Serving as the capital of southern Morocco, the city of Marrakech is one of the country’s most visited and this colourful oasis retains a rather exotic flavour, with some 16 km / 10 miles of mid-brick ramparts still standing adding an undeniable feeling of the past. Marrakech is now something of a Moroccan tourism Mecca and is home to the south’s premier souq (market).
Founded almost 1,000 years ago, the character of Marrakech remains quite unchanged, being hot, full of energy and somewhat African. However, the city of today has been greatly influenced by arriving Europeans and features outdoor swimming pools, mountain parties, and street cafes, as well as Moroccan palaces, mosques and kasbahs, spread around the Medina and its centre Djemaa El Fna square.
-Djemaa El-Fna : is the highlight of any Marrakech night. Musicians, dancers, and story tellers pack this square at the heart of the medina, filling it with a cacophony of drum beats and excited shouts. Scores of stalls sell a wide array of Moroccan fare and you will almost certainly be accosted by women wanting to give you a henna tattoo. Enjoy the various shows, but be prepared to give some dirhams to watch. By day it is largely filled with snake charmers and people with monkeys, as well as some of the more common stalls.
-The Souks : (suuqs), or markets of Marrakech, just adjacent to Place Djemaa El-Fna, are where you can buy almost anything. From spices to shoes, jellabas to kaftans, tea pots to tagines and much, much more. Undoubtedly, being a foreigner means you will end up paying higher prices than a native would, but be sure to bargain nonetheless.
–Koutoubia Mosque : right besides Djemaa El-Fna, is named after the booksellers market that used to be located here. It is said that the minaret of the Koutoubia mosque is to Marrakech as the Eiffel Tower is to Paris. The minaret is visible from Gueliz which is connected to the Medina by Avenue Mohammed V. At night, the mosque is beautifully lit.

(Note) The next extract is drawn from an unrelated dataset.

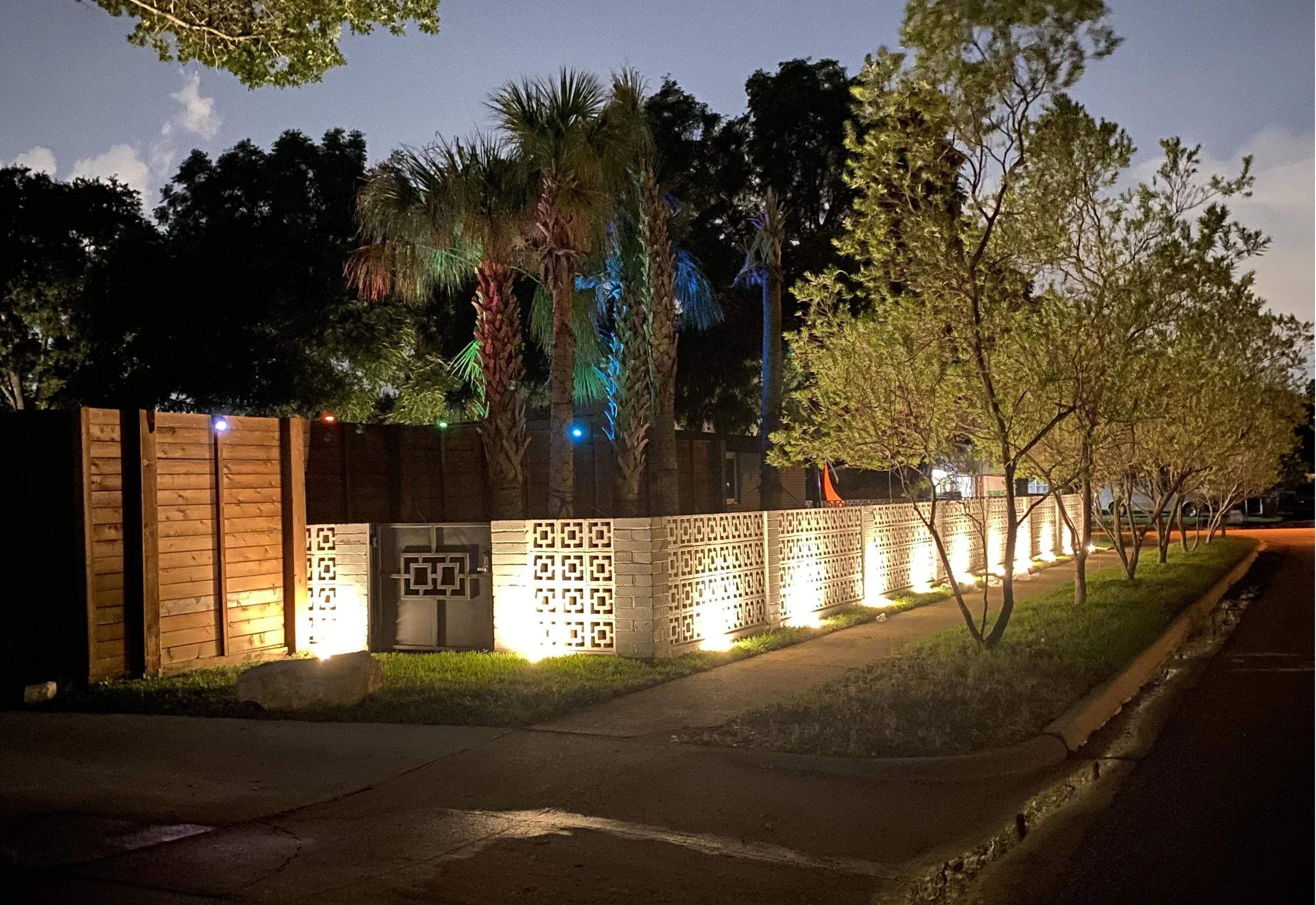 The backyard landscape transports you to a tropical paradise where a swimming pool of turquoise waters and daring orange mosaic tile awaits. Fuchsia bougainvillea surrounds this utopia and palm trees tower over a colorful mid-century inspired mural by Ft Worth artist Christopher Joseph Gonzalez. Skillfully designed landscape lighting adds drama to this property in the evening.

-Saadian Tombs : were not discovered until the beginning of the 20th century. They have been preserved just like they were during the glory days of the Saadian rulers. Unlike the El Badi Palace, they were not destroyed, probably for superstitious reasons. The entrance was blocked so they remained untouched for hundreds of years. Inside you will find an overload of Zelij (Morrocan tiles) and some beautiful decoration. It doesn’t take a lot of time to explore, but it is definitely worth the visit. While here, look for the tombs of Jews and Christians; they are noted by their different markings and direction of the tomb.
–Majorelle Gardens : in Gueliz has an entrance fee of Dh 40 and is more expensive than other attractions. However, it provides an excellent respite from the hustle and bustle of the city streets. The park boasts a collection of plants from across the globe, including what seems like every cactus species on the planet. Get here early to avoid the crowds. Inside the gardens is also the Museum of Islamic Art, for which an additional entrance fee is charged.
–El Bahia Palace : is an ornate and beautiful palace, popular with guided tours and stray cats. The palace is well worth a visit and gives a great impression of what it must have been like to be a 19th century nobleman in Morocco. There is a nice garden with banana flowers, tranquil courtyards, and other lovely plants.
–Menara gardens : which are located west of the city, and consist of a mixture of orchards and olive groves surrounding a central pavilion which is a popular sight on tourist postcards. The pavilion was built during the 16th century Saadi dynasty, and renovated in 1869. It has a small cafe.